Enbridge (TSX:ENB) is a giant in the Canadian and U.S. energy infrastructure sector. The company moves nearly a third of the oil produced in the two countries and roughly 20% of the natural gas that is used in the United States. The large oil pipeline operations remain the biggest drivers of revenue, but growth opportunities in the segment are limited due to government and public opposition to the construction of new large projects.
As such, Enbridge is focusing its capital programs on natural gas infrastructure and renewable energy, along with export facilities. Enbridge purchased an oil export terminal in Texas last year for US$3 billion. The company recently announced a deal to take a 30% stake in the $5.1 billion Woodfibre liquified natural gas (LNG) facility being built in British Columbia.
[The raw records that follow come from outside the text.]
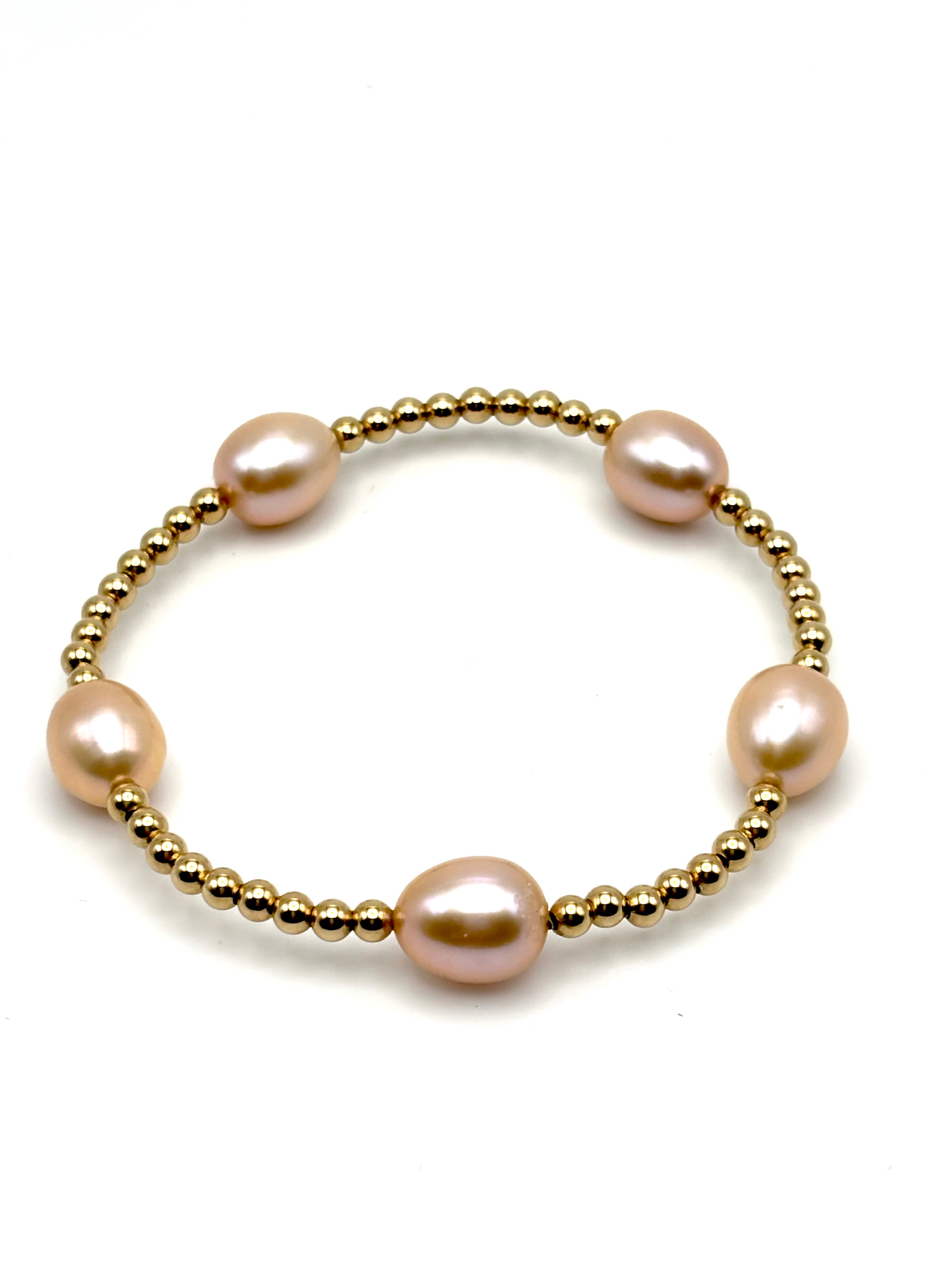 3mm Gold Bead / Large Pink Pearl Bracelet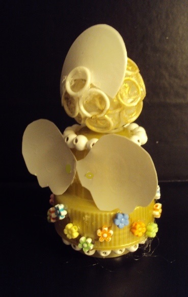 7 - Aureola: recorte o fundo da terceira embalagem de iogurte. Cole sobre a cabeça com cola a quente (imagens 9 e 10).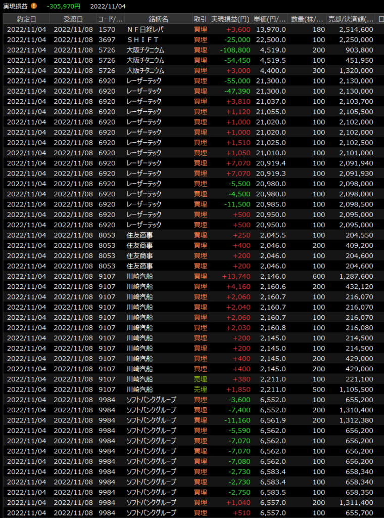 11/2(水)嫌な予感ってのはあたる<デイトレ結果> 2022.11.02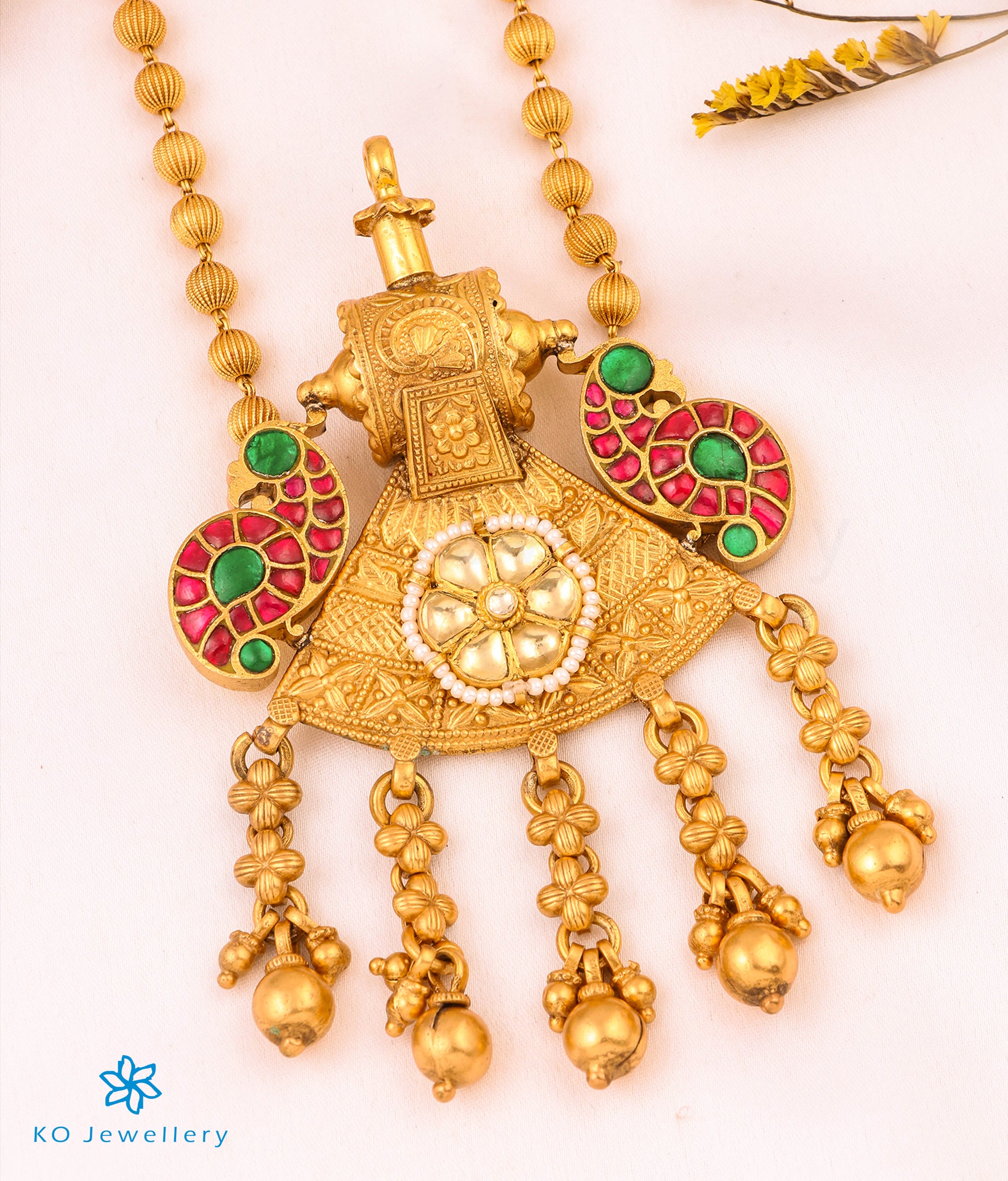 The Nidaka Antique Silver Kundan Peacock Necklace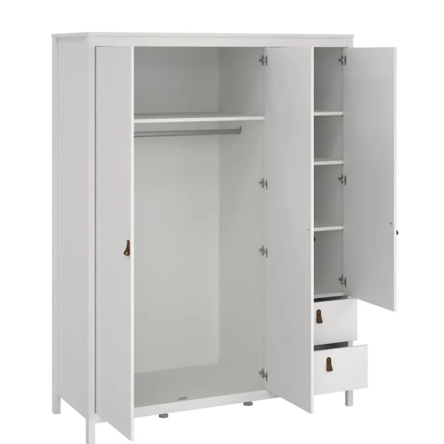 Kledingkast Dallas heeft 3 draaideuren, waarvan de middelste er een spiegel op heeft. Links zit een breed vak met een vaste plank en roede erin. Rechts zit een smaller vak met één vaste en 2 verstelbare legplanken. Daaronder zitten 2 handige lades, perfect om kleine items in op te bergen.

In addition, Enbridge is extending its natural gas networks and continues to build out its utility businesses.
International demand for North American oil and natural gas is on the rise due to the war in Ukraine. Sanctions against Russia are forcing Europe and buyers in Asia to seek out reliable long-term supplies from Canada and the United States. This trend bodes well for Enbridge in the coming years.
The stock provides a 6.4% dividend yield at the time of writing. Investors should see dividends grow by 3-5% annually over the medium term, supported by the $17 billion capital program and any additional acquisitions.
Suncor (TSX:SU) used to be the darling of the Canadian energy patch due to its integrated business structure that includes oil production, refining, and retail operations. Unfortunately, the plunge in fuel demand in the early months of the pandemic hit all three divisions and Suncor cut its dividend by 55%. This upset investors who had relied on the stability of the payout for years, and the market still isn’t giving Suncor stock much love, even after a series of dividend increase over the past year that have the payout now at a new historical high.
Suncor’s current quarterly dividend of $0.52 per share provides an annualized yield of 4.4% at the time of writing. West Texas Intermediate oil is now below US$80 per barrel compared to US$120 earlier this year. Additional volatility should be expected in the coming months, but analysts and industry executives say there is limited scope for meaningful output increases due to a lack of investment over the past two years. As demand continues to recover, many pundits say prices could move back above US$100 per barrel.
Is one a better buy today?
Enbridge is likely the safer bet due to the nature of its revenue stream. Movements in oil and natural gas prices have limited direct impact on revenue. The volumes of the commodities moved across the pipeline networks determine cash flow. Suncor, however, probably offers better upside potential in the event oil prices are destined to remain high for several years.
Investors seeking passive income should probably consider Enbridge for the first choice. Oil bulls who can handle more volatility and are seeking total returns might want to buy Suncor while it still remains out of favour.